Он шел по правой стороне Невского, оставив позади клодтовских коней, и внезапно почувствовал, что обтекающая с боков толпа как-то замедлила быстрый шаг. Не очень полагаясь на зрение, свою ловкость и сообразительность, Константин Петрович инстинктивно остановился у фонарного столба, и тут же какой-то мальчишка в напяленном до ушей картузе всучил ему с десяток скрепленных листков. Победоносцев уже знал, что на улицах разбрасывают прокламации от имени вряд ли существующей организации «Молодая Россия». Подметное обращение получили и граф Шувалов, и в Зимнем, и в разных министерствах, и в Государственном совете, и в Святейшем синоде, и в Сенате. Пачку прокламаций обнаружила полиция у подножия фальконетовского Петра. Кто-то перебросил ворох разлетевшихся белых галок через ограду сада Михайловского дворца. Да где только прокламации не отыскивались! Даже в модных лавках Гостиного Двора, в Екатерингофе, на Черной речке и на кладбищах.

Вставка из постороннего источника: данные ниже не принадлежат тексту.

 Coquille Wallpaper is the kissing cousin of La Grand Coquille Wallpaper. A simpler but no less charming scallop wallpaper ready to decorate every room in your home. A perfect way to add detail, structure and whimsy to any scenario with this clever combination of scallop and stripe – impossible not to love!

Вечером он, проверив, плотно ли заперта дверь, сел к столу и разложил перед собой отсыревшие странички. Он не был большим охотником до социалистического чтения. Моментально уловив суть призывов и шантажных угроз, он отложил бы в иной день изделие незрелого ума в сторону и подумал бы, как от него поскорее избавиться, но череда случайных строк вызвала в нем не совсем привычное состояние и насторожила. Фразы вроде: «Выход из этого гнетущего, страшного положения, губящего современного человека, и на борьбу с которым тратятся его лучшие силы, — один: революция, революция кровавая и неумолимая, — революция, которая должна изменить радикально все, все без исключения, основы современного общества и погубить сторонников нынешнего порядка» — не испугали Константина Петровича и не особенно возмутили. Однако интонационное построение фраз чем-то отличалось от ранее встречаемых подобных пассажей. Политическая уголовщина пока не набрала силу. Ее можно смирить с помощью заурядных полицейских мер. Нужен железный и бесстрашный человек, который бы понял, что бездействие ведет к разрастанию опухоли.

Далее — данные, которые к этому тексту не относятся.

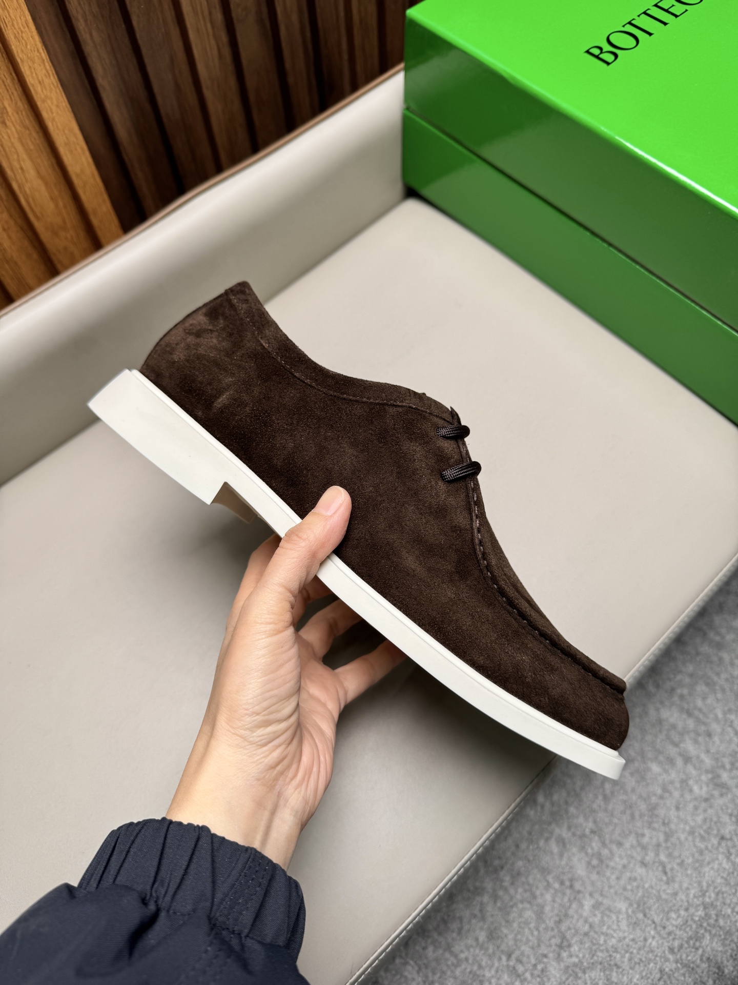 특징: 보테가 특유의 미니멀하고 고급스러운 무드, 뛰어난 내구성과 편안한 착화감

Граф Шувалов не казался ему подходящим к такого рода деятельности. В прокламации содержалось нечто необычное и жестокое. Взор скользил по безобразным фрагментам, сулящим пугачевский самосуд «начальникам» императорской партии: «Своею кровью они заплатят за бедствия народа, за долгий деспотизм, за непонимание современных потребностей». Где найти распорядительного администратора, который все собрал бы в кулак?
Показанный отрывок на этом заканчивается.